Problem
Old SCH job run histories are taking up a lot of disk space either in SDC nodes or in SCH’s DB, and these histories need to be limited for better performance.
Solution
Job run history is stored in SCH and in SDC (if SDC has configured dpm.runHistory.enabled=true in $SDC_CONF/dpm.properties).
- In SCH, you can configure Maximum number of job runs for each Organization.
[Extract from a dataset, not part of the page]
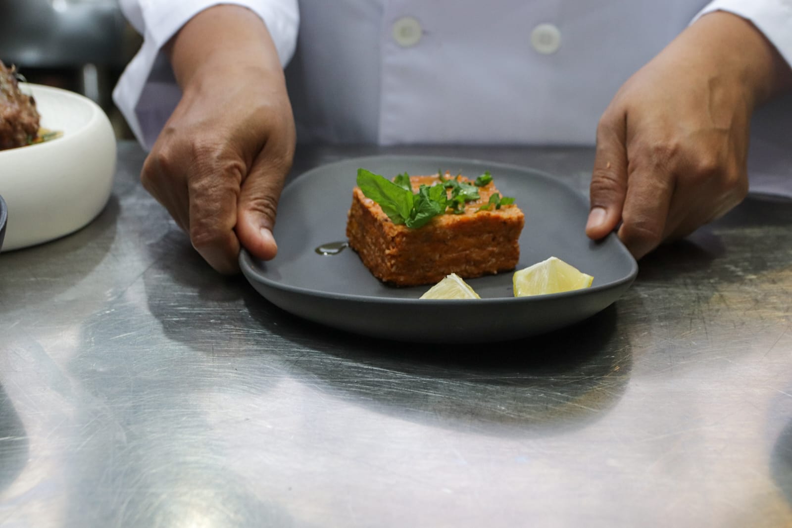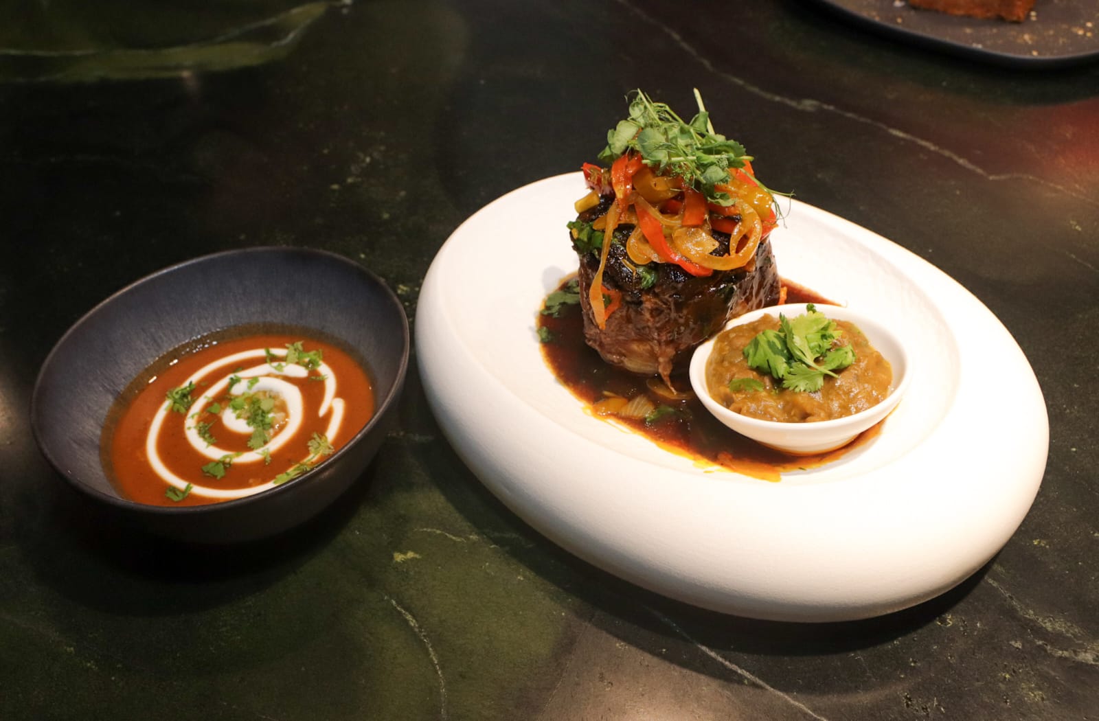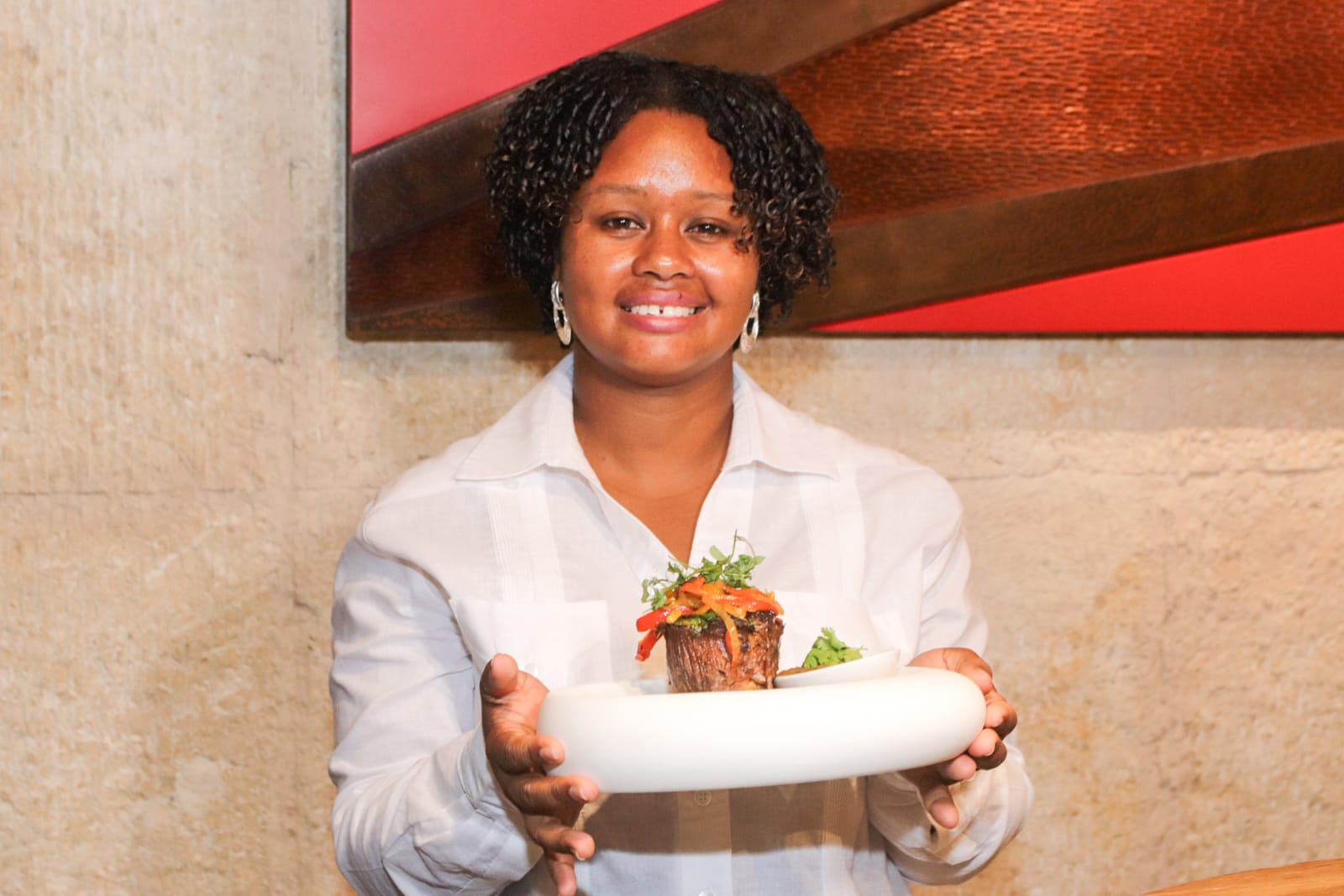 Los platillos de la noche fueron elaborados por el chef y propietario del establecimiento Saverio Stassi, el cual contó con una entrada compuesta por sopa de tortilla de langosta e hierbas de campo, dos platos fuertes: pasta de tortellini de carne en caldo de parmesano y codillo asado sobre triple de vegetales del campo rostizado y como postre banano tentación.

This is the max number of runs retained for each job's history
- SCH periodically runs a clean-up task to purge all old job histories when this limit is reached.
- SDC can also retain a local copy of job run histories if dpm.runHistory.enabled=true is configured in $SDC_CONF/dpm.properties.
- SDC keeps runtime information pertaining to each running pipeline in $SDC_DATA/runInfo.
- SDC deletes any local job history information in $SDC_DATA/runInfo whenever a pipeline finishes.
- If you set dpm.runHistory.enabled=true, then SDC will copy each job’s history from $SDC_DATA/runInfo into $SDC_DATA/runHistory before this clean-up occurs to retain a persistent local copy of all job runs which occurred on that SDC.
- There is no history limit configuration for SDC to automatically clean these $SDC_DATA/runHistory history files.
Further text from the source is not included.